Package installation:

install.packages("ActisoftR")
library("ActisoftR")

or directly from Github:

devtools::install_github("SWRC/ActisoftR")

library("ActisoftR")
data("act")

Importing

Actigraphy output files are imported using the function read_actigraph_csv(). This only requires specifying the path.

Imported files are merged creating an organic single file. If the CSV files have a different number of columns the function will fill missing columns with NAs. For example, the folder EXAMPLE_DATA contains Actiware and ActionW files which will be simultaneously imported.

act <- read_actigraph_csv(x = "C:\\1\\EXAMPLE_DATA")

What does imported data look like?

data("act")
datatable(act[order(act$datime_start),] , filter = 'top', width = 800, height = 800)

The generated file contains the brand of the actigraph, the participant's ID, the type of activity, the start and end date/time (POSIXct), etc.

Plotting

Plotting actigraphy data allows making visual inference about sleep patterns, circadian rhythm disorders, napping behaviour, trips across multiple time zones, etc. Events such as rest episodes with no sleep, naps, changes in sleep timing, multiple sleep episodes, can be identified. Differences in sleep patterns between individuals are also easily spotted.

The package provides wide (plot_Darwent) and long type of plots (plot_long). The Darwent plot displays data horizontally, one row per subject, matching them by default in the left part of the plot.

Long plots display data from one subject across 24-hour periods, with each subsequent 24-hour period displayed underneath the previous one. The long plots are suitable for a detailed with-in participants assessment.

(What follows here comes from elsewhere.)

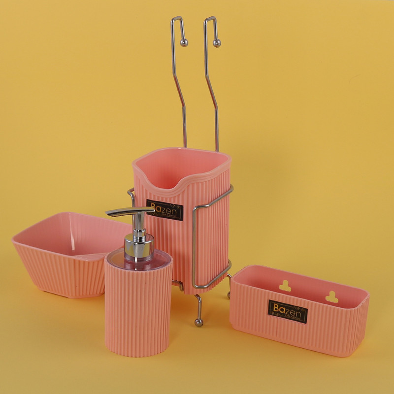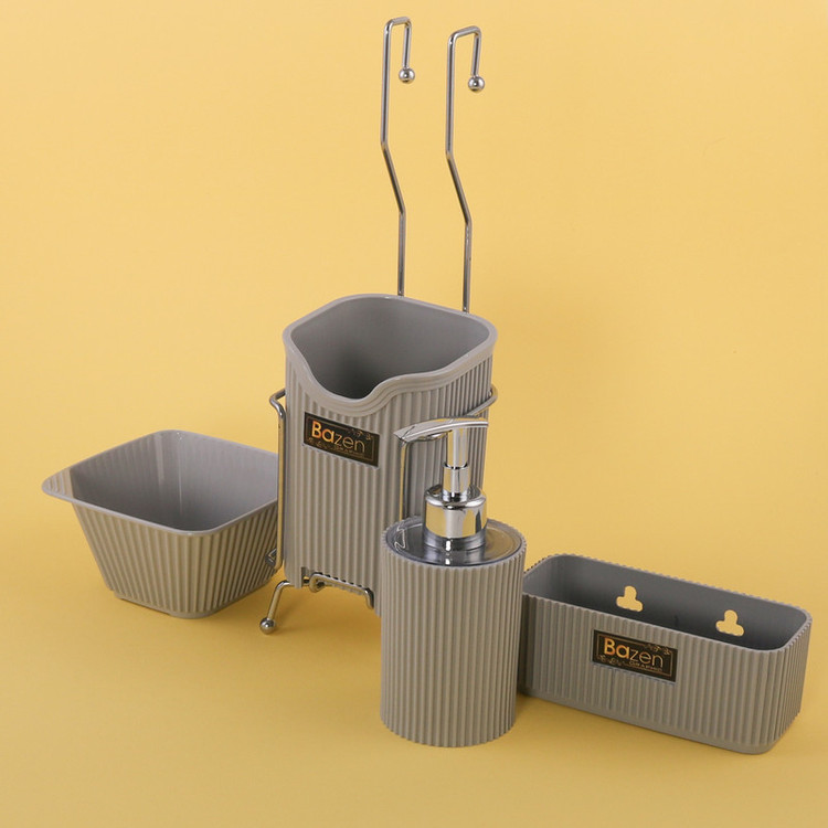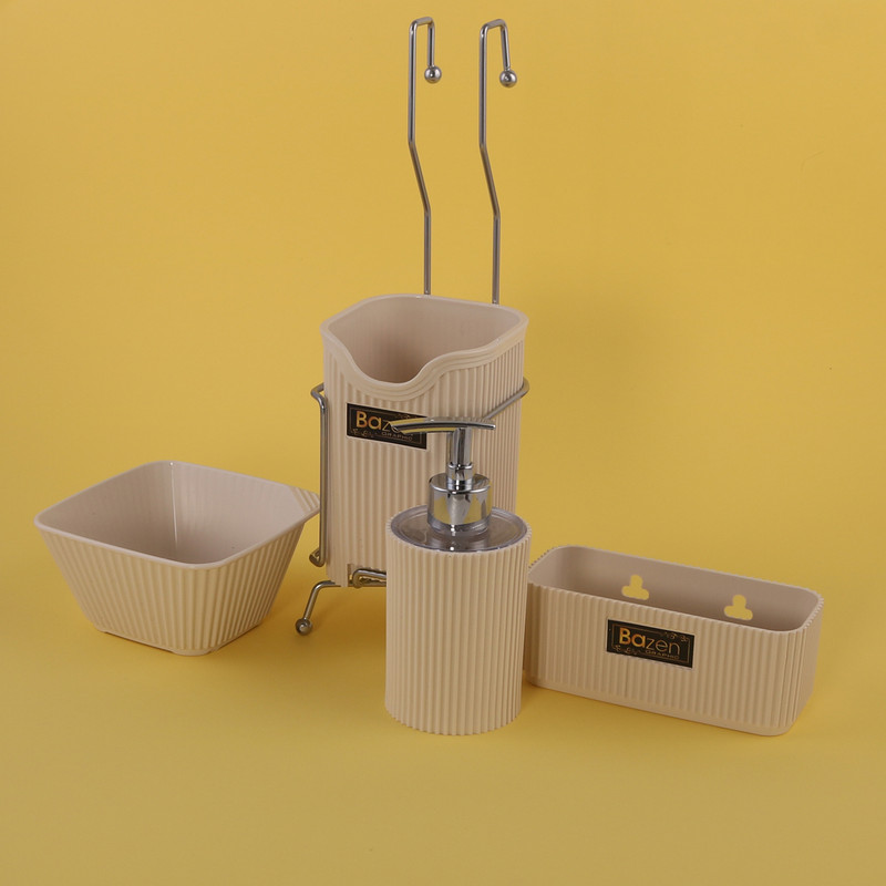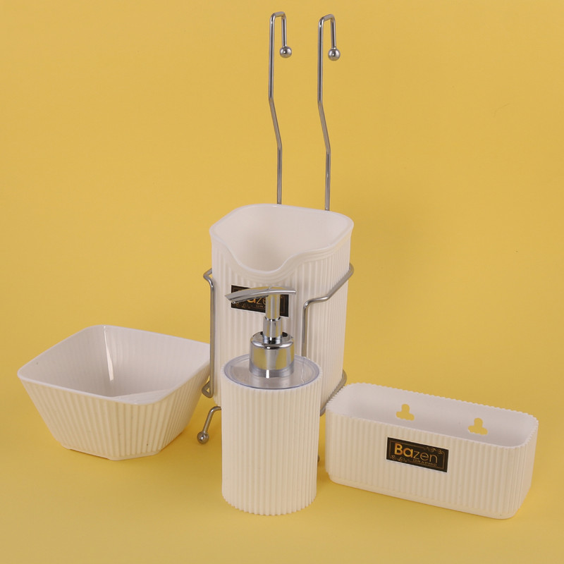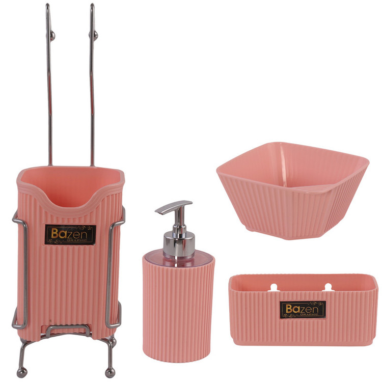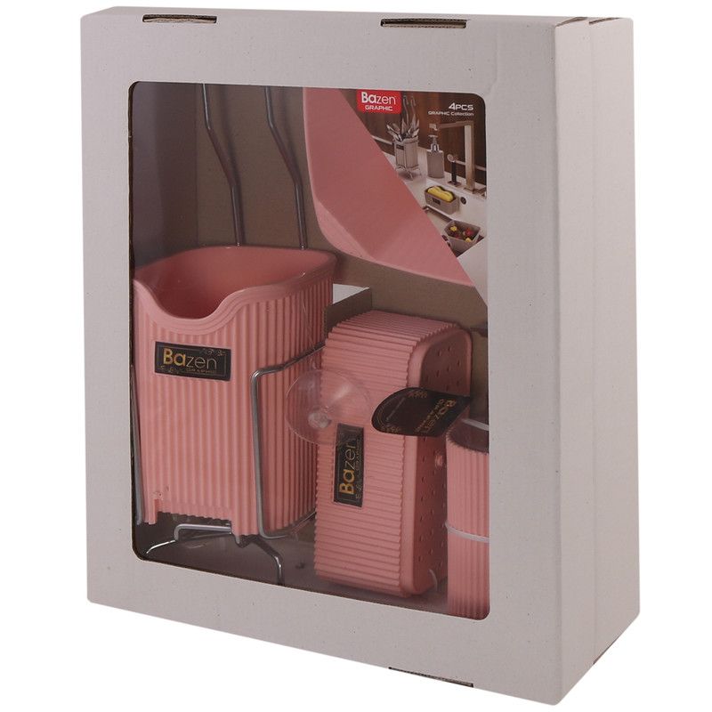 ست ظرفشویی شامل: جا قاشقی: 10×10×34 سانتیمتر جا مایع: 7×7×17 سانتیمتر جا اسکاچ: 6×6.5×16 سانتیمتر تفاله گیر(صافی): 7×13.5×13.5 سانتیمتر

Some of the most important plotting arguments are:

Argument | Description ---------|------------- x | an imported actigraph type of data frame. datebreaks | is the distance between breaks in the x-axis e.g. "12 hours". acolor| specifies the colours for the interval_type. tz| is the time zone, tz = "UTC" by default. tz2| an additional time zone used for a secondary x-axis. decal| is a parameter for shifting the start date. base| matches the participants at the same start date. si| defines the size of the geom_segment. shade | if TRUE, it will draw in light green the home night period. local.shade| if TRUE, it will draw in grey colour the local night period.

For example, using the data from the first individual.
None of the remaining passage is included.